Herb approached the edge of one of the huge sockets sunk deep into the plain. Standing near the edge he could see a ruler-straight line running over three hundred meters in each direction. He could just about see the far wall: a grey expanse that faded into darkness as it plunged deep into the planet. Herb got onto his hands and knees and edged forward to peer down. There were holes and tunnels in the sheer walls of the socket, but they were too far down for Herb to reach. One large round opening lay about twenty meters down, just before the edge of the deep shadow cast by the lip of the socket. It looked like the remains of an underground transportation tunnel, and Herb longed to climb down there into its dark, cool depths.

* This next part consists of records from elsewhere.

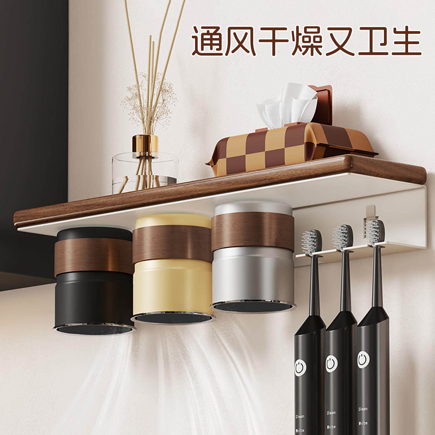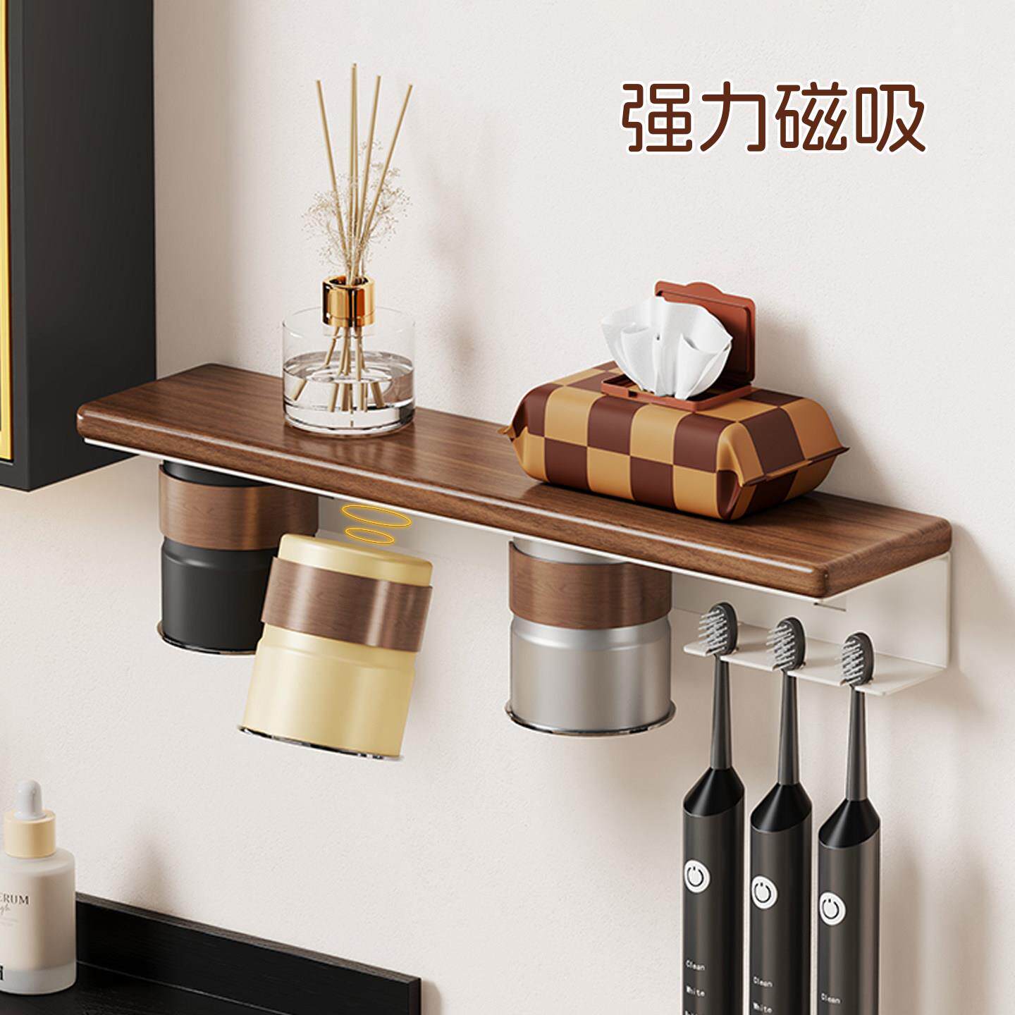 实木牙刷杯置物架化妆室壁挂式 磁吸 免打孔吹风机支架洗漱杯架套装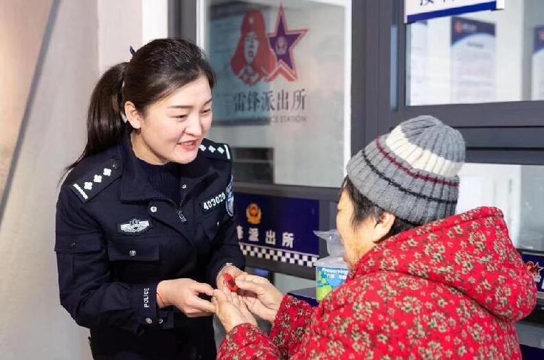 圖為雷鋒派出所的民警為老人發放二維碼身份牌。(受訪者供圖)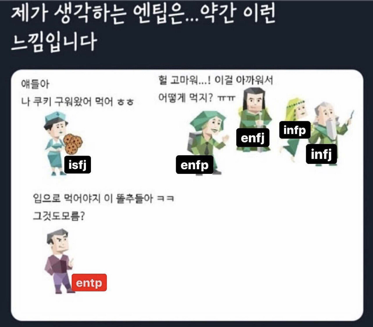 굳이 entp 성격 설명은 안할게 저기 위에 새회사 네이버형들이 잘 써줌
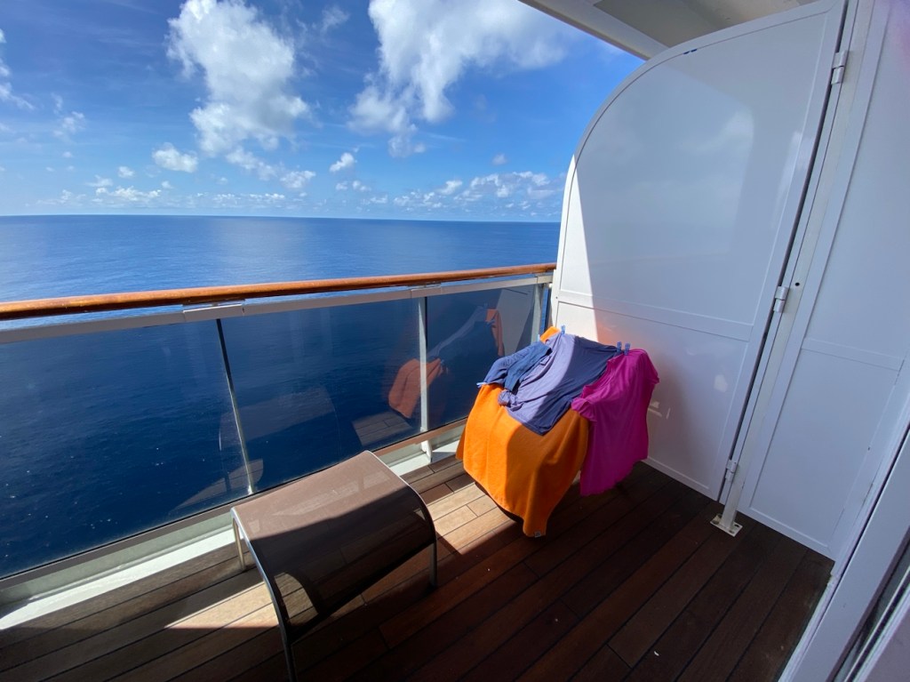No wind to speak of and a lovely little cloud blocking the sun meant walking the deck at sunrise(-ish)! 13.5 laps = 3 miles which is a good start to the day. I’m wandering the ship all day long so I’m going for total miles, not bursts 🙂

He stood up, inadvertently knocking a few pieces of abraded gravel into the depths of the socket. They fell down and down and down, swallowed up by the shadow that filled the bottom of the hole.
Herb looked back to the flickering shape in the distance. It had now resolved itself into a tiny speck. Herb wasn’t sure whether or not it was heading in his direction. He didn’t care either way.
He felt so thirsty.
The sun rose to the top of the sky and began to descend again. Herb’s thirst grew. Surely Robert Johnston hadn’t brought him all this way just to leave him to die in the middle of this wilderness? The thought was ridiculous, but it did beg a second question. Why had Robert brought him along, anyway? All this way, just to press a button?
In a flash of uncharacteristic self-awareness, Herb realized he had been nothing more than baggage on this trip. When Robert had first appeared on his ship, he had claimed that he needed Herb’s help to fight the Enemy Domain. Since then, he had led him around the galaxy, using regular humiliation to keep him off balance, and all apparently to abandon him on this forgotten planet.